今日から「読書週間」が始まりました(11月9日まで)。

新潟までの行政視察の道中に、アレックス・カー著
『ニッポン景観論 』を読了しました。

「都市に限らず地方の小さな村にいたるまで、
国土が開発の手で"近代的"に変わり始めたのは60年代からです。
私が日本との絆を深めていく時期は、あらゆる山や川が、
どんどんコンクリートに覆われていく時期でもありました。
自然が残る田舎でも、京都のような歴史的な街でも、
首をひねりたくなる光景が増殖していて、それを見るたびに心の中には
激しい抵抗感が湧き上がりました。
でも、日本は世界の経済大国なのだから仕方ない。
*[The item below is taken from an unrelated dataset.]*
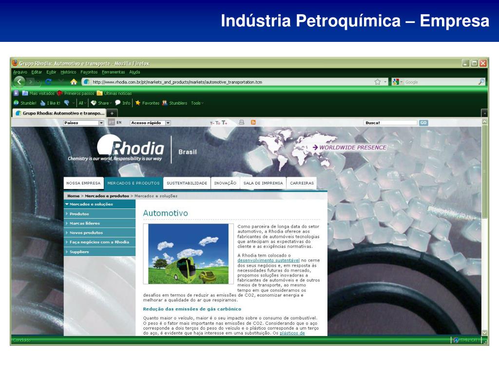 Indústria Petroquímica – Cadeia de Valor Exploração Refino 1ª Geração 2ª Geração 3ª Geração / Uso Olefinas Eteno Propeno Butadieno Aromáticos Benzeno Tolueno Xilenos Polietilenos Polipropilenos Estireno Ác. Acético Fenol Acrilonitrila Etanol ... Embalagens (PE, PET) Construção Civil (PVC) Autopeças (PA, PP, ABS) Eletro- eltrônicos (PS) Têxteis (PA, PET) ... Gás Natural Petróleo Nafta Diesel Gasolina Querosene GLP Alcatrão Parafina ... Indústria Petroquímica Indústria do Petróleo Fontes: ABIQUIM; APPE.

変化に抵抗したり、
昔を懐かしんだりする方が、時代遅れなのかもしれない、
と、自分自身を疑う気持ちにもとらわれました。

果たしてそうなのでしょうか。

そこで、国際的な目線から建設業や土木のことを調べることにしました。
すると、日本は他の先進国と違う道を歩んできており、
建設の規模は桁違いだということが見えてきました。
…(「美しき日本を求めて」、多くの人に伝えるために、講演データをまとめ)
ようやく本という形で出版されることになり、長年の夢が叶いました」

「建築の世界では、「景観工学」という名の学問があり、
世界中の都市計画でゾーニング(用途別の土地利用)や、
むやみな改築・改装の規制、建物の高さや建材と色彩の統一といった
工学的手法が適用されています。
日本でも景観工学に関する学術的な研究は盛んです。
ただし、欧米と異なるのは、その運用においてです。
日本では条件がそれぞれに異なる場所でも、全国一律の規制で縛り、
その単純で融通がきかない運用を景観工学と、とらえがちなのです。
その結果、何が日本に出現しているかと言うと、
こと細かな規制とは正反対の、複雑な眺めです」

「欧米だけでなく、今は北京、上海、香港、シンガポール、クアラルンプールと、
アジアの都市も徹底的に電線埋設を行っています。
いわゆる先進国の中で、電線の埋設が進んでいないのは日本だけです。
率直に言いますが、日本は電線・鉄塔の無法地帯でもあります」

「湯布院では、市民グループが大分銀行に「看板の高さを低くしてください」
と要望し、同銀行がそれを受け入れて、変えました。
看板が氾濫しているどこかの都市と、景観がすっきりと美しい湯布院。
私たちはどちらに行きたいと思うでしょうか」

「土木をはじめ建築の施工でも、日本の建設技術が世界でも類を見ないことは事実です。
しかし、土木工事における「先端技術」とは、
「環境に配慮して、簡素で周囲に溶け込む」ことが、本来あるべき方法のはずです」

「国の予算のうち、土木、建設が占める割合は、アメリカが8%、ヨーロッパでは
6~7%でしたが、日本は40~50%となっていました(2000年)。
土木、建設に関する雇用は、アメリカでは全雇用のうちの1%未満で、日本は12~14%でした。
桁違いです。一年に敷き詰めるコンクリートの量でいうと、
日本はアメリカのなんと33倍でした。おびただしい量のコンクリートが、
日本の山、川、海に流されていたのです」

「昔、中国の皇帝が宮中の絵師に、「何が描きやすいか」と聞いたところ、
「犬や猫は描きにくく、鬼は描きやすい」と彼が答えた、
という『韓非子』の中のエピソード…景観についても同じです。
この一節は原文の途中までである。